Task statement: Only one stretch of the data below is wanted: the lines starting at the one with "Gentaş 5671 Silver" and ending at the one with "Den ene side", both included, given again exactly.

Records to use:
----
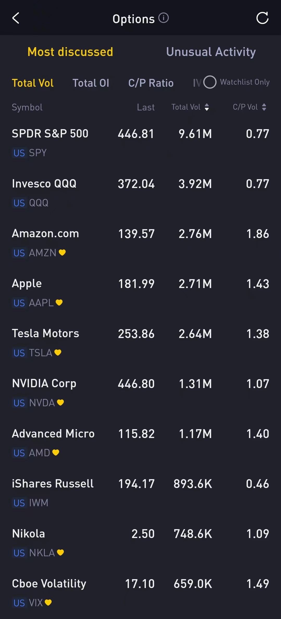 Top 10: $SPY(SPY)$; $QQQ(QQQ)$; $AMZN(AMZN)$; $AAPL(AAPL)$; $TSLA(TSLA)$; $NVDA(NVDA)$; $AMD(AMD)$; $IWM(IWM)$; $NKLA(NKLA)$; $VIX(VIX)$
----
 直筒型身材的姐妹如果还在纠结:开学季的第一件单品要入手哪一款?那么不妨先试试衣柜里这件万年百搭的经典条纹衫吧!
----
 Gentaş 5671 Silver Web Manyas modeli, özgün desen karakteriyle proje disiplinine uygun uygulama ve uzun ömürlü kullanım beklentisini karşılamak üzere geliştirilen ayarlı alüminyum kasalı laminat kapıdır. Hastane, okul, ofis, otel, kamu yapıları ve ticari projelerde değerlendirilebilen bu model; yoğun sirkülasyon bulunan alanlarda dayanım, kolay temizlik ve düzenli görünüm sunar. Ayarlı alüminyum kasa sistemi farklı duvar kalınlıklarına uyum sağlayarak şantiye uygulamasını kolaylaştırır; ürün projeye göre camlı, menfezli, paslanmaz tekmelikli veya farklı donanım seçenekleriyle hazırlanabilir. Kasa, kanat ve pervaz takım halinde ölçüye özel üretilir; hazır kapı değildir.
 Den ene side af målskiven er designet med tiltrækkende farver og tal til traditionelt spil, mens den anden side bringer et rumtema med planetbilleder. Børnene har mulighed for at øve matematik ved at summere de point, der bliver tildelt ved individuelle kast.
----
Task solution:
 Gentaş 5671 Silver Web Manyas modeli, özgün desen karakteriyle proje disiplinine uygun uygulama ve uzun ömürlü kullanım beklentisini karşılamak üzere geliştirilen ayarlı alüminyum kasalı laminat kapıdır. Hastane, okul, ofis, otel, kamu yapıları ve ticari projelerde değerlendirilebilen bu model; yoğun sirkülasyon bulunan alanlarda dayanım, kolay temizlik ve düzenli görünüm sunar. Ayarlı alüminyum kasa sistemi farklı duvar kalınlıklarına uyum sağlayarak şantiye uygulamasını kolaylaştırır; ürün projeye göre camlı, menfezli, paslanmaz tekmelikli veya farklı donanım seçenekleriyle hazırlanabilir. Kasa, kanat ve pervaz takım halinde ölçüye özel üretilir; hazır kapı değildir.
 Den ene side af målskiven er designet med tiltrækkende farver og tal til traditionelt spil, mens den anden side bringer et rumtema med planetbilleder. Børnene har mulighed for at øve matematik ved at summere de point, der bliver tildelt ved individuelle kast.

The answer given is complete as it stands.